HTTP routes always execute as the **service principal** — the SP's Databricks credentials are used for all API calls. User identity is extracted from the `x-forwarded-user` header and passed to the volume's [access policy](#access-policies) for authorization. This means UC grants on the SP (not individual users) determine what operations are possible, while policies control what each user is allowed to do through the app.

The programmatic API returns a `VolumeHandle` that exposes all `VolumeAPI` methods directly (service principal) and an `asUser(req)` method for OBO access. Calling any method without `asUser()` logs a warning encouraging OBO usage but does not throw. OBO access is strongly recommended for production use.

## Resource requirements

Volume resources are declared **dynamically** via `getResourceRequirements(config)` based on discovered + configured volumes. Each volume key generates a required resource with `WRITE_VOLUME` permission and a `DATABRICKS_VOLUME_{KEY_UPPERCASE}` environment variable.

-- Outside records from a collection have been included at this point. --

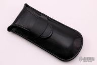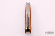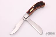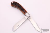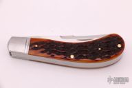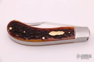 This Model 36B Cowboy Saddle Horn Trapper by Tommy Overeynder features 2 hand rubbed satin finished blades with nail nicks. The handle has 416 stainless steel fluted bolsters with integral liners, stainless steel springs, amber RJB jigged covers with 18k gold pins and escutcheon. Has half-stops and springs are flush at all positions. Comes with a black leather case. Excellent condition. #002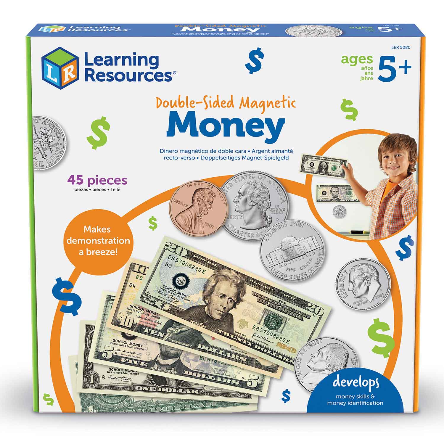 Big money! Detailed money magnets feature updated designs on both front and back. Stick to any magnetic surface for engaging money lessons targeting coin identification, counting and making change.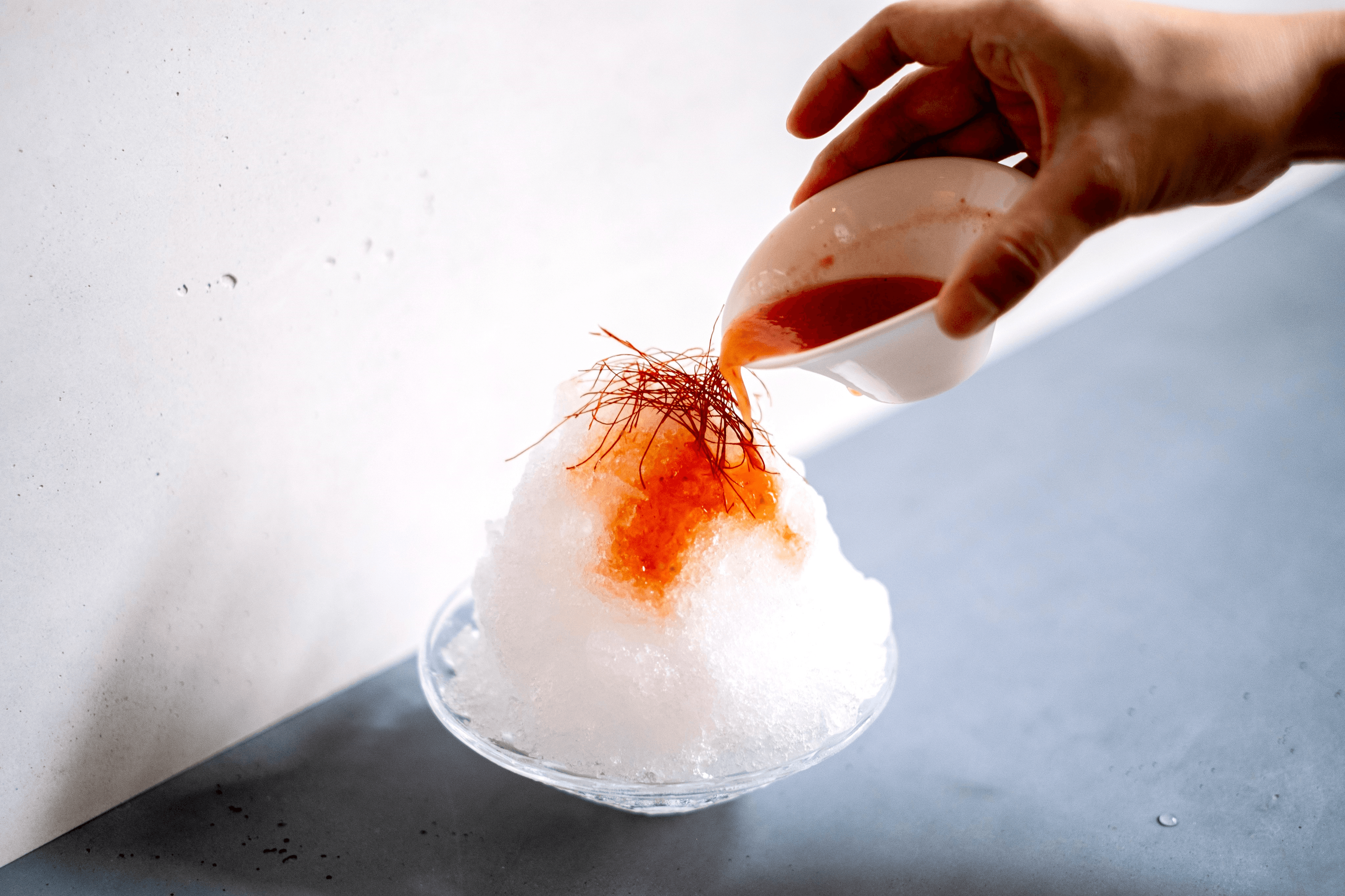 トマトと柚子胡椒のピリ辛ソース&豆乳トマトクリームソースの新感覚かき氷

For example, if `DATABRICKS_VOLUME_UPLOADS` and `DATABRICKS_VOLUME_EXPORTS` are set, calling `files()` generates two required volume resources validated at startup — no explicit `volumes` config needed.

## Error responses

All errors return JSON:

```json
{
  "error": "Human-readable message",
  "plugin": "files"
}
```

| Status | Description                                                    |
| ------ | -------------------------------------------------------------- |
| 400    | Missing or invalid `path` parameter                            |
| 403    | Policy denied "`{action}`" on volume "`{volumeKey}`"          |
| 404    | Unknown volume key                                             |
| 413    | Upload exceeds `maxUploadSize`                                 |
| 500    | Operation failed (SDK, network, upstream, or unhandled error)  |

## Frontend components

The `@databricks/appkit-ui` package provides ready-to-use React components for building a file browser:

### FileBrowser

A composable set of components for browsing, previewing, and managing files in a Unity Catalog Volume:

```tsx
import {
  DirectoryList,
  FileBreadcrumb,
  FilePreviewPanel,
} from "@databricks/appkit-ui/react";

function FileBrowserPage() {
  return (
    <div style={{ display: "flex", gap: 16 }}>
      <div style={{ flex: 1 }}>
        <FileBreadcrumb
          rootLabel="uploads"
          segments={["data"]}
          onNavigateToRoot={() => {}}
          onNavigateToSegment={() => {}}
        />
        <DirectoryList
          entries={[]}
          onEntryClick={() => {}}
          resolveEntryPath={(entry) => entry.path ?? ""}
        />
      </div>

    </div>
  );
}
```

See the [Files (UC) components](../api/appkit-ui/files/DirectoryList) reference for the full props API.